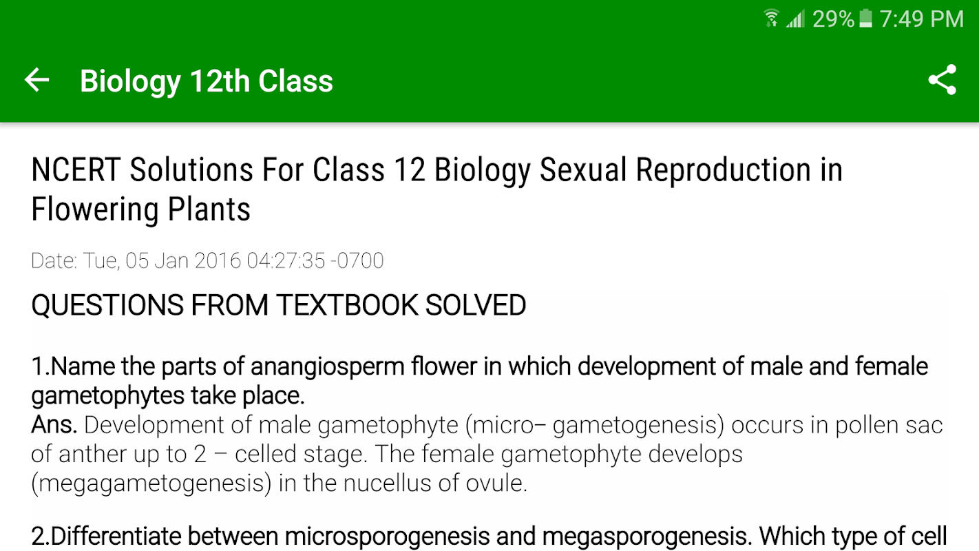 Class 12 Biology Notes - app is specially designed for the NCERT class 12 students to help them prepare for their examinations in Biology. This app having NCERT syllabus Biology Class 12 Notes can be useful in two scenarios - To verify your answer after you solve the exercise problems and other one is Check the solution when you stuck.
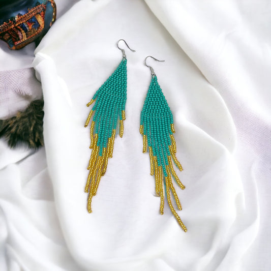 Boho Bliss: Dazzling Blue, Green & Gold Beaded Dangle Earrings
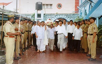 A Gandhian Bids Farewell Murli Deora and the city's Gandhians lead Ushaben's cortege to the Chandanwadi crematorium in Bombay. Maharashtra gave her a state funeral. Photographs: Jewella C Miranda BACK NEXT |
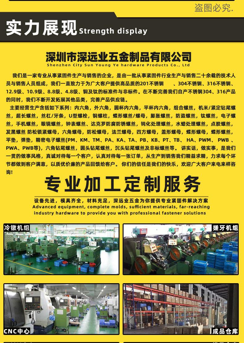 [Parafusos da Indústria Shenyuan] Somos uma empresa especializada na produção e venda de fixadores. Somos compostos por um grupo de técnicos e vendedores que atuam na produção e venda de fixadores há mais de 20 anos. Temos o compromisso de fornecer aos nossos clientes aço inoxidável 201, aço inoxidável 304, aço inoxidável 316, grau 12,9, grau 10,9, grau 8,8, grau 4,8, peças padrão de cobre e titânio e peças não padronizadas de alta qualidade. Enquanto melhoramos constantemente nossos produtos de aço inoxidável 304 e 316 de produção própria, continuamos a desenvolver e expandir outras categorias e a melhorar a cadeia de fornecimento de produtos.
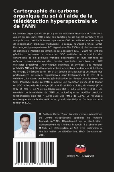 Le carbone organique du sol (SOC) est un indicateur important et fiable de la qualité du sol. Dans cette étude, les spectres du sol ont été caractérisés et analysés pour prédire la teneur spatiale en COS, en utilisant une technique de modélisation prédictive multivariée, le réseau neuronal artificiel (ANN). Des images hyper-spectrales EO1-Hyperion (400 - 2500 nm), des ensembles de données à l'échelle du terrain et du laboratoire (350 - 2500 nm) ont été générés, comprenant la teneur en SOC estimée en laboratoire des échantillons de sol prélevés (variable dépendante) et leurs données de réflexion correspondantes des bandes spectrales sensibles au SOC (variables prédictives). Pour chaque ensemble de données, des modèles prédictifs ANN ont été développés et trois ensembles de données (à l'échelle de l'image, à l'échelle du terrain et à l'échelle du laboratoire) ont révélé des performances de réseau significatives pour l'entraînement, le test et la validation, indiquant une bonne généralisation du réseau pour la teneur en SOC. L'analyse basée sur l'ANN a montré une prédiction élevée de la teneur en SOC à l'échelle de l'image (R2 = 0,93 et RPD = 3,19), du champ (R2 = 0,92 et RPD = 3,17) et du laboratoire (R2 = 0,95 et RPD = 3,16). Les résultats de la validation de l'ANN ont indiqué que les modèles prédictifs fonctionnaient bien (R2 = 0,90) avec une RMSE de 0,070. Le résultat a montré que les méthodes ANN ont un grand potentiel pour l'estimation de la teneur en SOC.
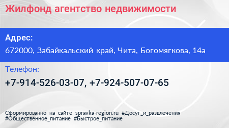 Жилфонд, агентство недвижимости по адресу 672000, Забайкальский край, Чита, Богомягкова, 14а в дальнейшем Организация, размещена в следующих категориях:
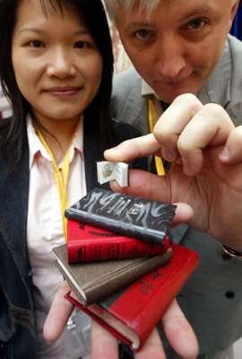 台北市现在正举行国际书展,迷你书收藏家斯科楚克(右)觉得这类书好收藏、易携带,且很精美漂亮(转自香港大公报,图片来源:台湾“中央社”)
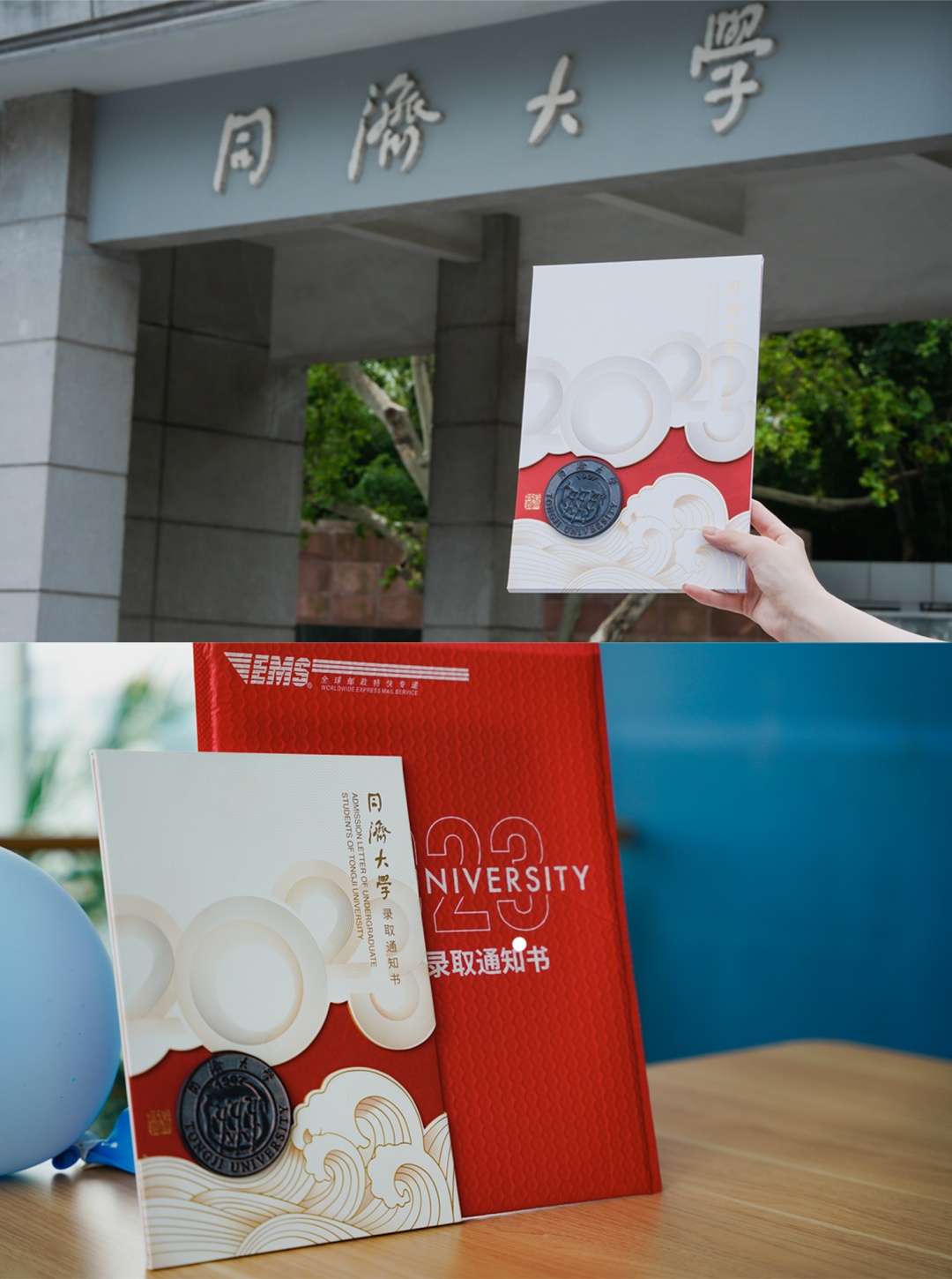 同济大学录取通知书继续沿用“乘风破浪”的设计主题,通知书主要使用可再生资源制作,红彤彤的包装袋是学校送上的第一份祝福,寓意“大展‘红’图”。封套正面是一枚同济大学校标冰箱贴,取下后还能看到烫金描边版的校标象征“继往,开来”。在录取通知书的护封上,凸印着校训“同舟共济”。
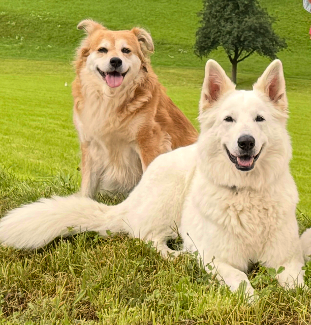 Unsere treue "Nele" (links im Bild) liebevoll "Nelchen" genannt ist immer noch bei uns - und wir können uns keinen schöneren Alltag vorstellen.
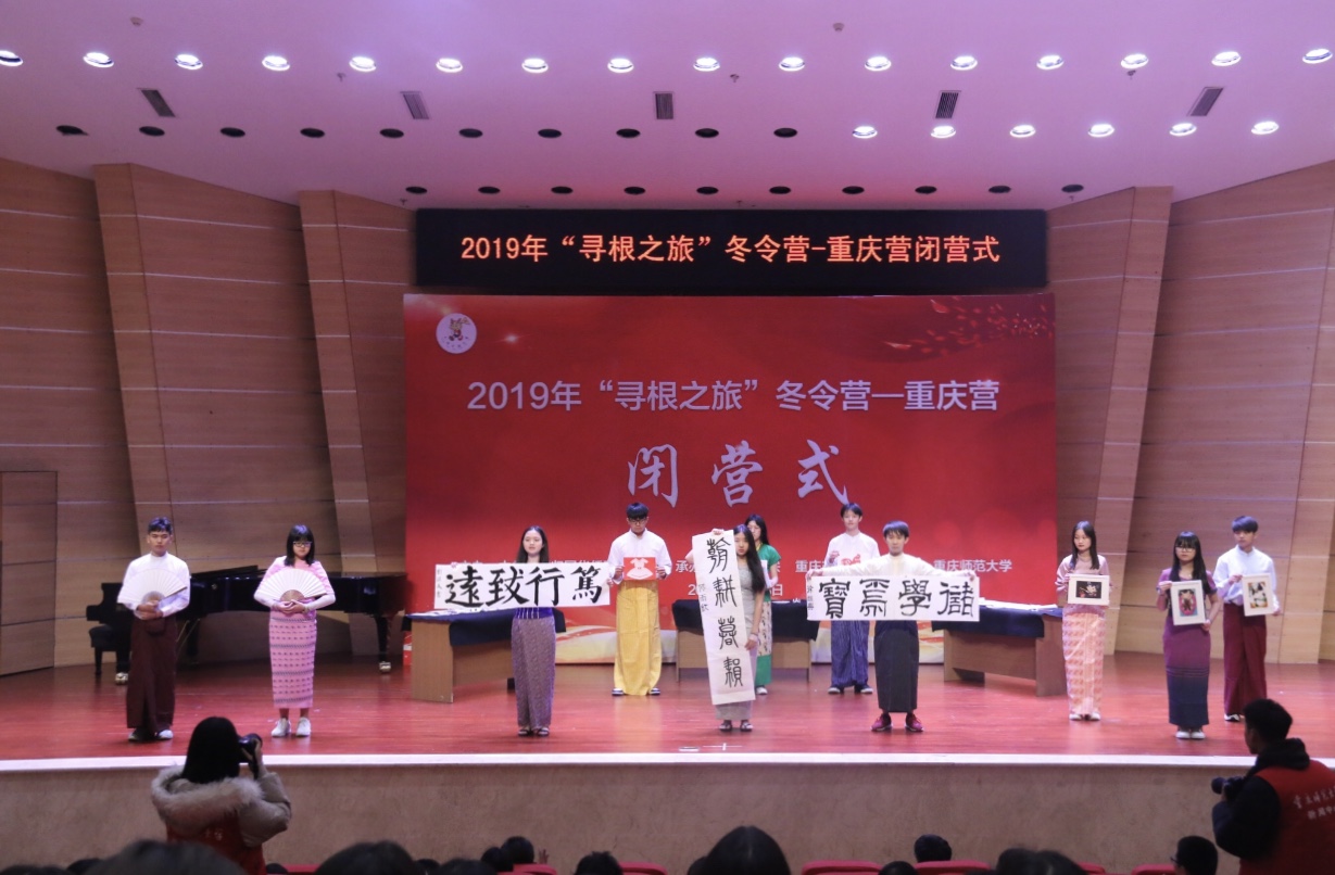 12月19日下午,由中华全国归国华侨联合会主办,重庆市侨联和市侨办承办、mansion88主页协办的2019年“寻根之旅”冬令营-重庆营闭营仪式在校友会堂音乐厅顺利举行。
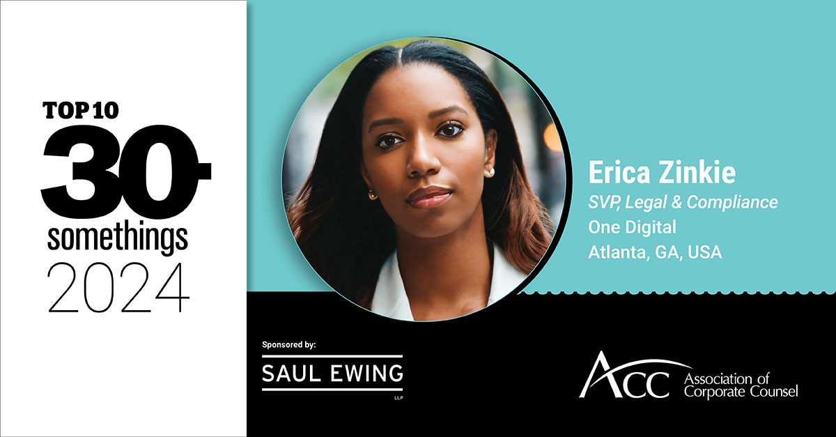 The pressure cooker of Big Law is often thought of as the traditional way to start a legal career. But after graduating into the glum prospects of the 2011 recession, Erica Zinkie decided to try a different route. Her achievements at OneDigital, where she is now senior vice president, legal and compliance, and her climb to senior leadership before she was even eligible for this award (that is, 30 years old), prove that Big Law isn’t the only route to becoming a corporate counsel.

* **WHAT THE EXERCISE ASKS**
Word for word, give back each entry from above, but skip any picture.

* **SOLUTION TO THIS EXERCISE**
 Class 12 Biology Notes - app is specially designed for the NCERT class 12 students to help them prepare for their examinations in Biology. This app having NCERT syllabus Biology Class 12 Notes can be useful in two scenarios - To verify your answer after you solve the exercise problems and other one is Check the solution when you stuck.
 Boho Bliss: Dazzling Blue, Green & Gold Beaded Dangle Earrings
 A Gandhian Bids Farewell Murli Deora and the city's Gandhians lead Ushaben's cortege to the Chandanwadi crematorium in Bombay. Maharashtra gave her a state funeral. Photographs: Jewella C Miranda BACK NEXT |
 [Parafusos da Indústria Shenyuan] Somos uma empresa especializada na produção e venda de fixadores. Somos compostos por um grupo de técnicos e vendedores que atuam na produção e venda de fixadores há mais de 20 anos. Temos o compromisso de fornecer aos nossos clientes aço inoxidável 201, aço inoxidável 304, aço inoxidável 316, grau 12,9, grau 10,9, grau 8,8, grau 4,8, peças padrão de cobre e titânio e peças não padronizadas de alta qualidade. Enquanto melhoramos constantemente nossos produtos de aço inoxidável 304 e 316 de produção própria, continuamos a desenvolver e expandir outras categorias e a melhorar a cadeia de fornecimento de produtos.
 Le carbone organique du sol (SOC) est un indicateur important et fiable de la qualité du sol. Dans cette étude, les spectres du sol ont été caractérisés et analysés pour prédire la teneur spatiale en COS, en utilisant une technique de modélisation prédictive multivariée, le réseau neuronal artificiel (ANN). Des images hyper-spectrales EO1-Hyperion (400 - 2500 nm), des ensembles de données à l'échelle du terrain et du laboratoire (350 - 2500 nm) ont été générés, comprenant la teneur en SOC estimée en laboratoire des échantillons de sol prélevés (variable dépendante) et leurs données de réflexion correspondantes des bandes spectrales sensibles au SOC (variables prédictives). Pour chaque ensemble de données, des modèles prédictifs ANN ont été développés et trois ensembles de données (à l'échelle de l'image, à l'échelle du terrain et à l'échelle du laboratoire) ont révélé des performances de réseau significatives pour l'entraînement, le test et la validation, indiquant une bonne généralisation du réseau pour la teneur en SOC. L'analyse basée sur l'ANN a montré une prédiction élevée de la teneur en SOC à l'échelle de l'image (R2 = 0,93 et RPD = 3,19), du champ (R2 = 0,92 et RPD = 3,17) et du laboratoire (R2 = 0,95 et RPD = 3,16). Les résultats de la validation de l'ANN ont indiqué que les modèles prédictifs fonctionnaient bien (R2 = 0,90) avec une RMSE de 0,070. Le résultat a montré que les méthodes ANN ont un grand potentiel pour l'estimation de la teneur en SOC.
 Жилфонд, агентство недвижимости по адресу 672000, Забайкальский край, Чита, Богомягкова, 14а в дальнейшем Организация, размещена в следующих категориях:
 台北市现在正举行国际书展,迷你书收藏家斯科楚克(右)觉得这类书好收藏、易携带,且很精美漂亮(转自香港大公报,图片来源:台湾“中央社”)
 同济大学录取通知书继续沿用“乘风破浪”的设计主题,通知书主要使用可再生资源制作,红彤彤的包装袋是学校送上的第一份祝福,寓意“大展‘红’图”。封套正面是一枚同济大学校标冰箱贴,取下后还能看到烫金描边版的校标象征“继往,开来”。在录取通知书的护封上,凸印着校训“同舟共济”。
 Unsere treue "Nele" (links im Bild) liebevoll "Nelchen" genannt ist immer noch bei uns - und wir können uns keinen schöneren Alltag vorstellen.
 12月19日下午,由中华全国归国华侨联合会主办,重庆市侨联和市侨办承办、mansion88主页协办的2019年“寻根之旅”冬令营-重庆营闭营仪式在校友会堂音乐厅顺利举行。
 The pressure cooker of Big Law is often thought of as the traditional way to start a legal career. But after graduating into the glum prospects of the 2011 recession, Erica Zinkie decided to try a different route. Her achievements at OneDigital, where she is now senior vice president, legal and compliance, and her climb to senior leadership before she was even eligible for this award (that is, 30 years old), prove that Big Law isn’t the only route to becoming a corporate counsel.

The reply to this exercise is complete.